- [TASK DIRECTIONS]: Up to and including the line that holds "三十五个治疗空间的周边分布,都配备了最先", copy every line of the records below exactly, starting at the first; leave pictures out.

[Opening SUPPLIED DATA section]

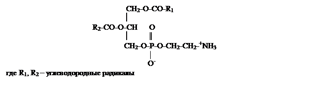 Фосфатидилэтаноламины представляют собой ацильные глицерофосфолипиды содержащие остаток этаноламина HO-CH2-CH2-NH2. Их строение может быть представлено следующей формулой:
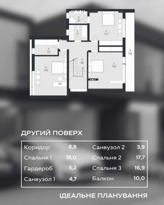 Другий поверх: три житлові кімнати, два санвузли, дві гардеробні, вихід на балкон, можливість облаштування тераси
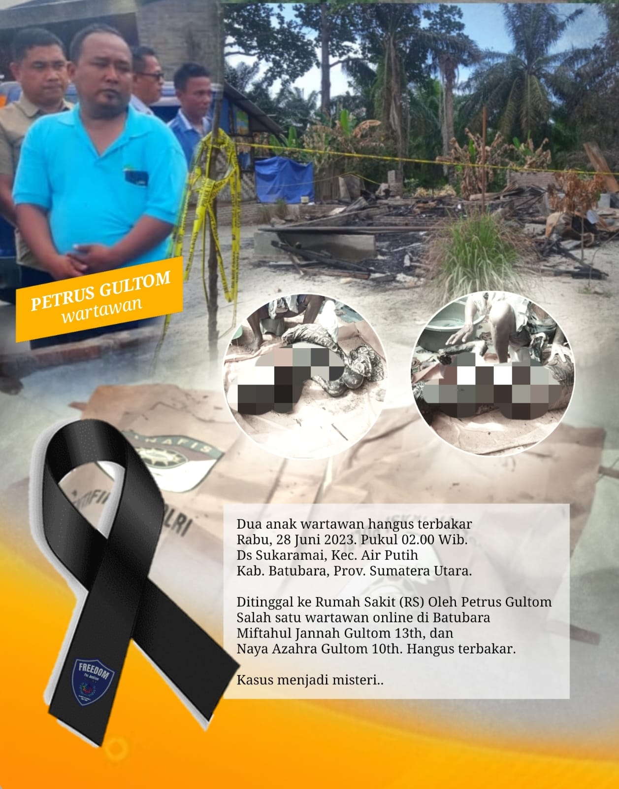 Tragedi itu masih menjadi misteri, dan terngiang bagi keluarga Gultom, belum genap satu tahun lalu di Desa Sukaramai, Kecamatan Air Putih Kabupaten Batubara, Provinsi Sumatera Utara, tepatnya pada hari Rabu, 28 Juni 2023.
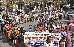 In India, activists of Gairik Bharat burned an effigy of Sheikh Hasina in Silchar, in protest against her failure to protect the Hindu minorities in Bangladesh.[69] The Bharatiya Janata Party, West Bengal unit demands the central government to create pressure on Bangladesh government to protect the Hindus from Islamic extremism.[70] In Rajya Sabha, the upper house of Indian parliament, main opposition Bharatiya Janata Party demanded that an all-party delegation be sent to Bangladesh to assess the "atrocities on Hindus" by Jamaat-e-Islami.[71] On the other hand, Muslim radicals of West Bengal stand for Delwar Hossain Sayeedi and Jamaat-e-Islami with conviction.[72][73] Expressing serious concern on the continued attacks on the Hindus in Bangladesh the South Assam Bengali Hindu Association demanded the intervention of the Indian President Pranab Mukherjee in stopping the atrocities on Hindus in Bangladesh.[74]
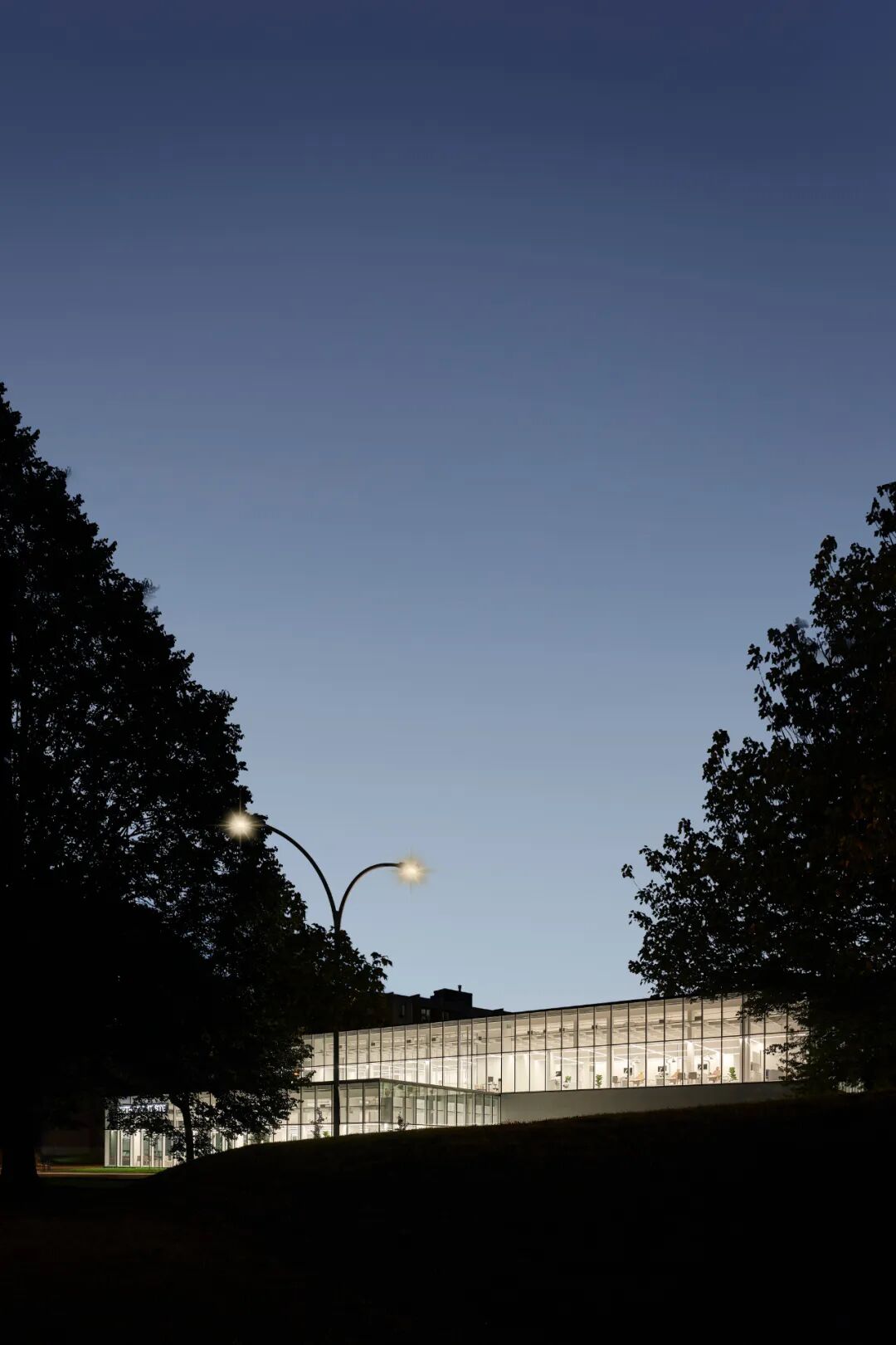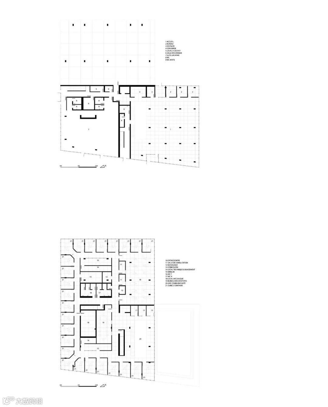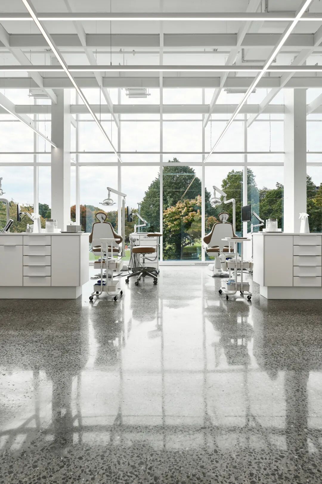 三十五个治疗空间的周边分布,都配备了最先进的设备和完整的无障碍设施,为每个病人以及诊所团队成员提供了与周围自然的视觉联系。结构、组织、照明和声学框架产生了一个有节奏的构图,结构的体积特性,同时用功能和审美特性的重复和叠加使其充满活力。
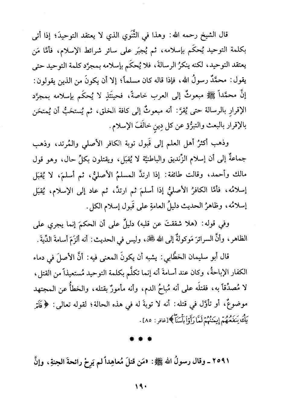 قال الشيخ رحمه الله: وهذا في الثَّنَوي الذي لا يعتقد التوحيدَ؛ إذا أتى بكلمة التوحيد يُحكَم بإسلامه، ثم يُجبَر على سائر شرائط الإسلام، فأمَّا مَن يعتقد التوحيد، لكنه ينكرُ الرسالةَ، فلا يُحكَم بإسلامه بمجرَّد كلمة التوحيد حتى يقول: محمَّدٌ رسولُ الله، فإذا قاله كان مسلمًا؛ إلا أن يكونَ من الذين يقولون: إنَّ محمَّدًا - صلى الله عليه وسلم - مبعوثٌ إلى العرب خاصةً، فحينَئذٍ لا يُحكَم بإسلامه بمجرَّد الإقرارِ بالرسالة حتى يُقرَّ: أنه مبعوثٌ إلى كافة الخلق، ثم يُستحَبُّ أن يُمتحَن بالإقرار بالبعث والتبرُّؤ عن كل دِينٍ خالَفَ الإسلام.
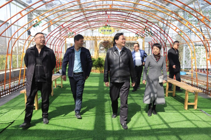 蒋自平一行参观考察了张道衡润土瓜蔬基地和史陈家村田舍蔬果,并进行了座谈交流。张道衡向大家介绍了温室大棚种苗长势和种植心得,同时传达分享了他作为全国人大代表在参加全国“两会”期间的所见所闻、所感所悟。周敏介绍了史陈家村的美丽乡村建设情况和愿景。
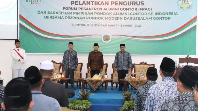 "Alumni Pesantren Gontor dan pondok-pondok pesantren yang didirikan alumni, penting benar menghayati sejara pondok dan sekaligus hymne Pondok Gontor, yang luar biasa mengajarkan dan menginternalisasi cinta pesantren dan cinta bangsa dan negara, yang bahkan sama disebut sebagai ibu, sebagaimana ibu kandung. Itu harus menjadi bagian dari tradisi dan spirit besar untuk melanjutkan berkontribusi mewujudkan cinta kepada umat, bangsa dan negara sebagaimana cinta para santri kepada Ibu kandung mereka masing-masing, untuk menjaga dan menyelamatkan Indonesia dengan cita-cita proklamasi maupun reformasinya, " tuturnya.
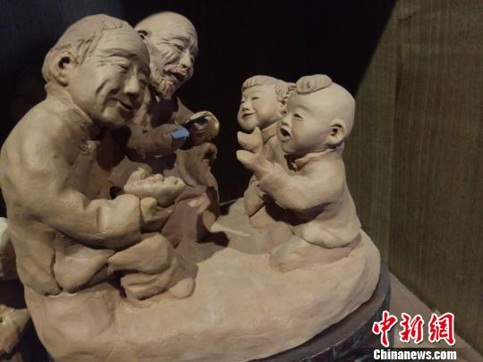 中新网兰州11月12日电 (艾庆龙 闫姣)“这个泥塑的原形是我小时候过年的场景,那时候,小山村因为没有钱,不像县城或者镇上那样唱大戏、耍社火,我们只是在小山村里放炮仗、在炕上听故事。”兰州七旬民间艺人岳云生指着一个泥塑介绍道。

[Closing SUPPLIED DATA section]

- [WRITTEN RESPONSE]:
 Фосфатидилэтаноламины представляют собой ацильные глицерофосфолипиды содержащие остаток этаноламина HO-CH2-CH2-NH2. Их строение может быть представлено следующей формулой:
 Другий поверх: три житлові кімнати, два санвузли, дві гардеробні, вихід на балкон, можливість облаштування тераси
 Tragedi itu masih menjadi misteri, dan terngiang bagi keluarga Gultom, belum genap satu tahun lalu di Desa Sukaramai, Kecamatan Air Putih Kabupaten Batubara, Provinsi Sumatera Utara, tepatnya pada hari Rabu, 28 Juni 2023.
 In India, activists of Gairik Bharat burned an effigy of Sheikh Hasina in Silchar, in protest against her failure to protect the Hindu minorities in Bangladesh.[69] The Bharatiya Janata Party, West Bengal unit demands the central government to create pressure on Bangladesh government to protect the Hindus from Islamic extremism.[70] In Rajya Sabha, the upper house of Indian parliament, main opposition Bharatiya Janata Party demanded that an all-party delegation be sent to Bangladesh to assess the "atrocities on Hindus" by Jamaat-e-Islami.[71] On the other hand, Muslim radicals of West Bengal stand for Delwar Hossain Sayeedi and Jamaat-e-Islami with conviction.[72][73] Expressing serious concern on the continued attacks on the Hindus in Bangladesh the South Assam Bengali Hindu Association demanded the intervention of the Indian President Pranab Mukherjee in stopping the atrocities on Hindus in Bangladesh.[74]
 三十五个治疗空间的周边分布,都配备了最先进的设备和完整的无障碍设施,为每个病人以及诊所团队成员提供了与周围自然的视觉联系。结构、组织、照明和声学框架产生了一个有节奏的构图,结构的体积特性,同时用功能和审美特性的重复和叠加使其充满活力。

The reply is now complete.